Has it ever occurred to you that cancer is a disease purely made by man? There’s a recent study that seems to prove this fact.
Researchers from the University of Manchester in the United Kingdom have conducted some researching and ultimately concluded that cancer is a man-made disease.
In the UK alone, there are 150,000 people who succumb to cancer each year. Statistics have also shown that 1 in 3 people are likely to get cancer.
The researchers came to this conclusion by studying mummies, fossils, and classical literature. According to them, the disease is fueled by the excesses of modern day life. This is due to the fact that tumors were extremely rare in the past. They only became common and rampant in recent times due to people’s poor diet habits, laziness, and excess technology.

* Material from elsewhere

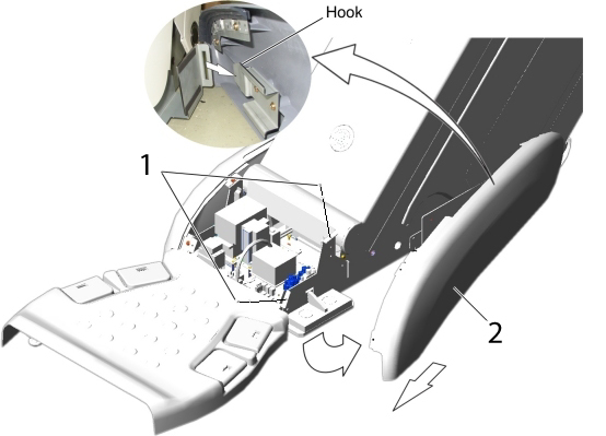 1 Remove two screws. 2 Open the side base cover, and slide it toward the Gantry to release the hook. Figure 3. Side Base Cover (Left) Removal For 5127459/5127460
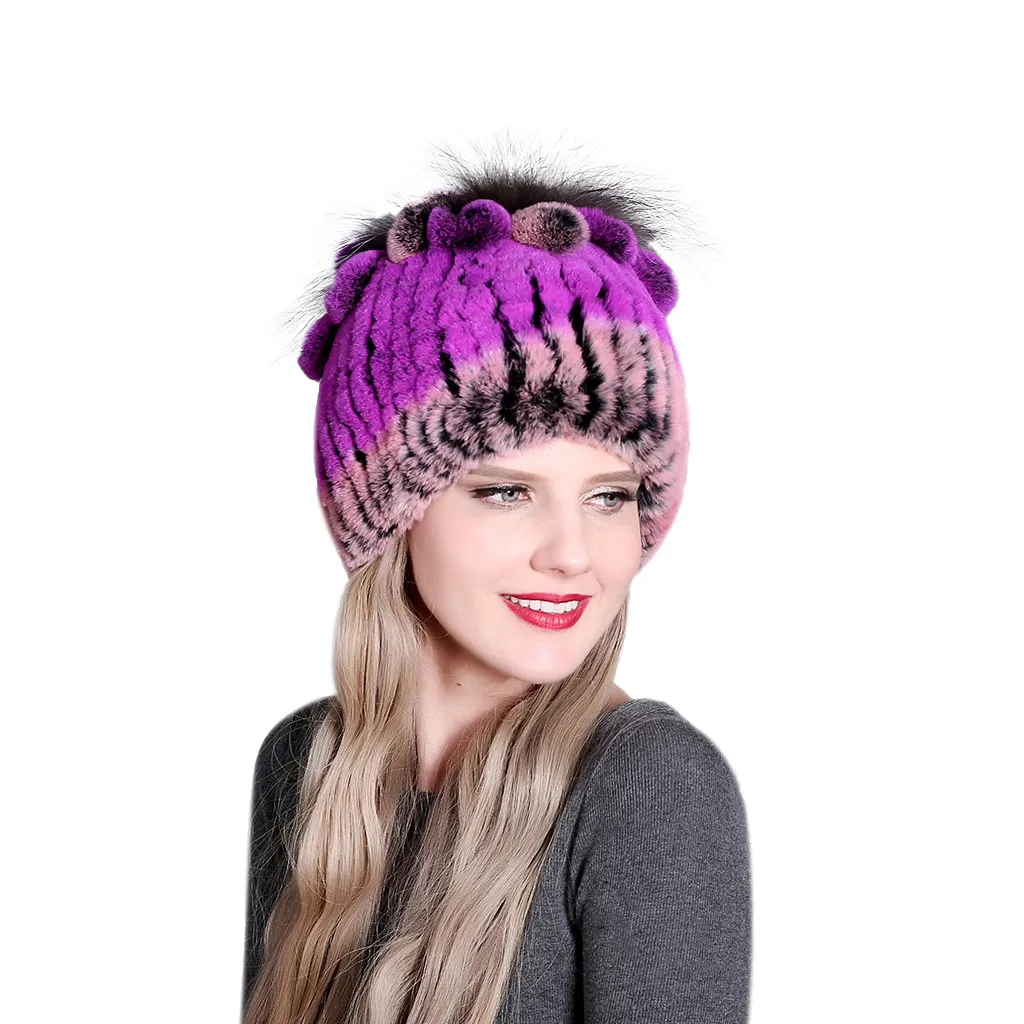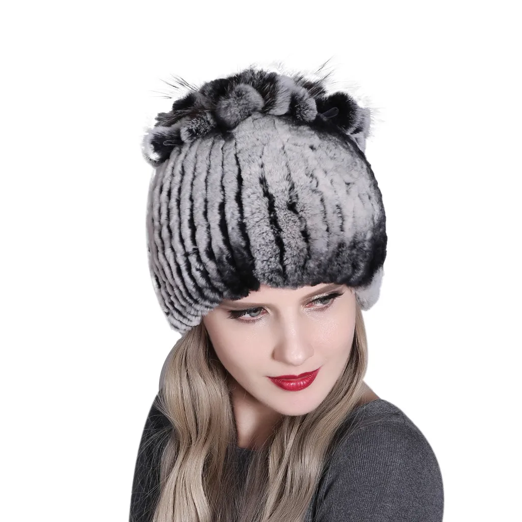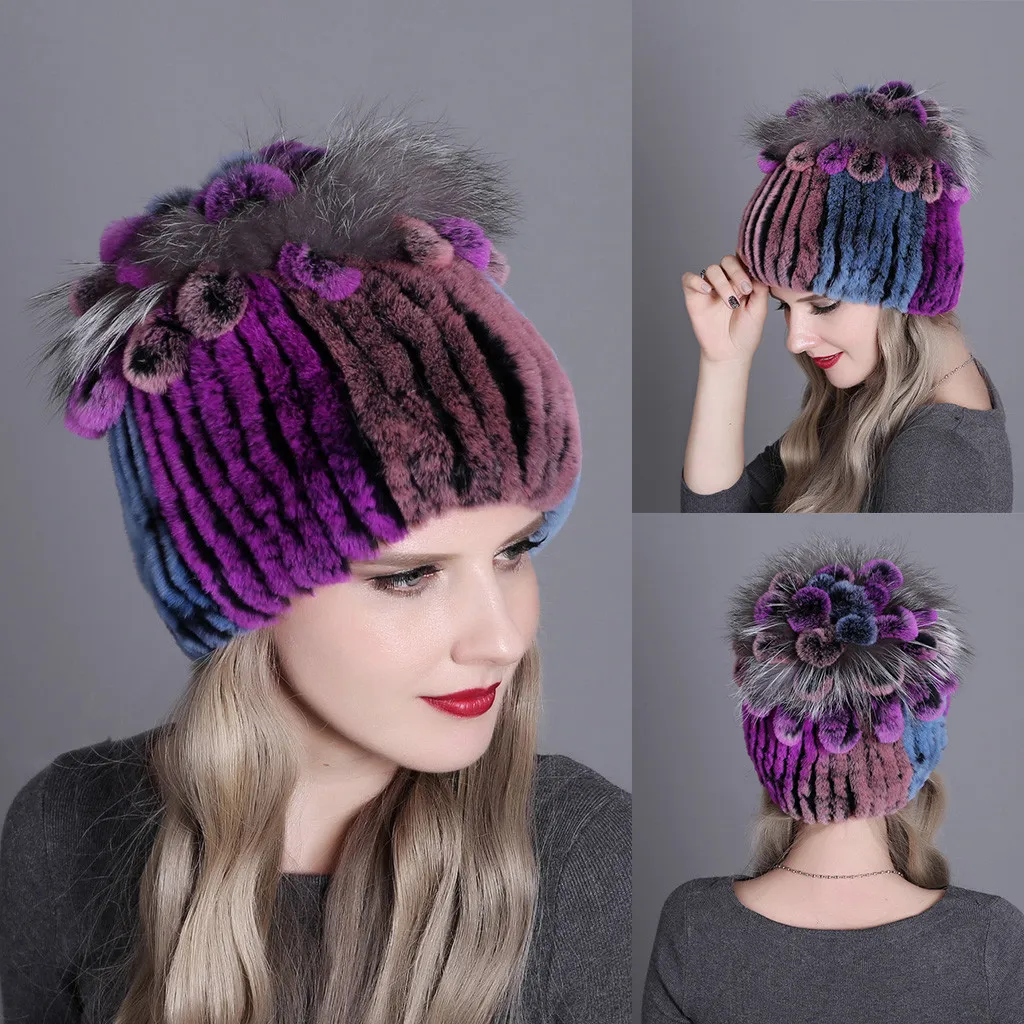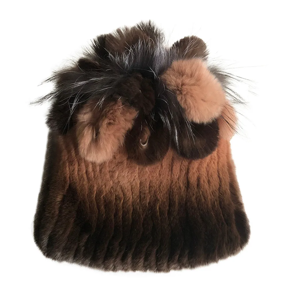 Женская зимняя шапка женская для женщин из меха кролика и лисы шапки Рекс женские

The study of Egyptian mummies, showed no signs of cancer in most of them, except one isolated case. When slivers of tissue from hundreds of Egyptian mummies were rehydrated and investigated under a microscope, researchers found only one case of cancer in the mummies.
There are some researchers who argue that the lack of cancer was because of the short lifespan of the Egyptians. But, the researchers from this study disproved these arguments by pointing out the fact that other age-related diseases like brittle bones and hardening of the arteries occurred during this period.
According to reports from the journal Nature Reviews Cancer, the fossil evidence of cancer is not substantial, as scientific literature has provided a few dozen, but mostly disputed, examples in animal fossils. Moreover, a study of Neanderthal bones has offered only one example of possible cancer.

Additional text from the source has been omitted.